§ **What needs to be done**
The stretch wanted below opens at the line containing "The owners of" and closes at the line containing "Product Specials: Women's". Please return it exactly, with no other lines.

(Beginning of Materials provided)

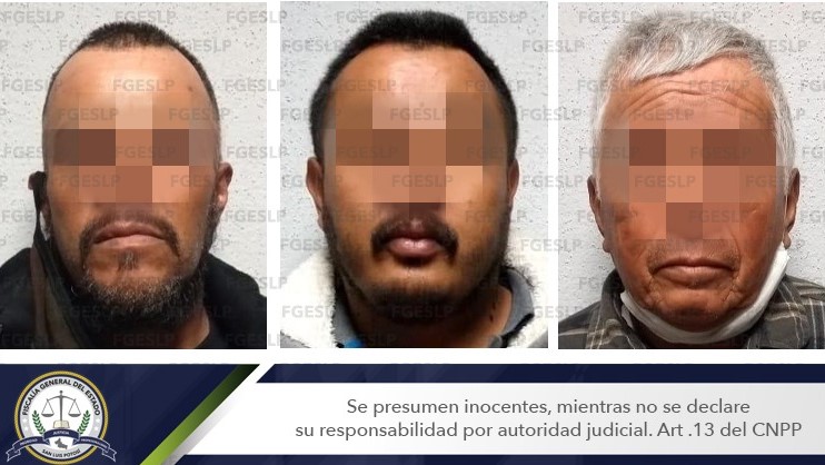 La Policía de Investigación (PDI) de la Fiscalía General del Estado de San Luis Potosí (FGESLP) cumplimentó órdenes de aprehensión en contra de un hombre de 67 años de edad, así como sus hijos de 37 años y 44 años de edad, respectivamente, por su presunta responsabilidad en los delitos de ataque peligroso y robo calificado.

(End of Materials provided)
(Beginning of Materials provided)

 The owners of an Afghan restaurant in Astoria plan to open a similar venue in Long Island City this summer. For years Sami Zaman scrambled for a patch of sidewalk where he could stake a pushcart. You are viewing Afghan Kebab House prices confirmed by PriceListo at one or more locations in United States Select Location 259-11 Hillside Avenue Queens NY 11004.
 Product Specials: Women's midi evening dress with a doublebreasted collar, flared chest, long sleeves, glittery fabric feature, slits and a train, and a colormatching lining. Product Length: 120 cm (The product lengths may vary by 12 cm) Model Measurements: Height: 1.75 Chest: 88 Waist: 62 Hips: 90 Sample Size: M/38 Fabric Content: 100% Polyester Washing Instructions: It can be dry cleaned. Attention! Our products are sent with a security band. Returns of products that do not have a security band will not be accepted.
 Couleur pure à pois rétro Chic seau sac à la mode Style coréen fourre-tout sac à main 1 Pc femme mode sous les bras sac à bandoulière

(End of Materials provided)

§ **Answer to this exercise**
 The owners of an Afghan restaurant in Astoria plan to open a similar venue in Long Island City this summer. For years Sami Zaman scrambled for a patch of sidewalk where he could stake a pushcart. You are viewing Afghan Kebab House prices confirmed by PriceListo at one or more locations in United States Select Location 259-11 Hillside Avenue Queens NY 11004.
 Product Specials: Women's midi evening dress with a doublebreasted collar, flared chest, long sleeves, glittery fabric feature, slits and a train, and a colormatching lining. Product Length: 120 cm (The product lengths may vary by 12 cm) Model Measurements: Height: 1.75 Chest: 88 Waist: 62 Hips: 90 Sample Size: M/38 Fabric Content: 100% Polyester Washing Instructions: It can be dry cleaned. Attention! Our products are sent with a security band. Returns of products that do not have a security band will not be accepted.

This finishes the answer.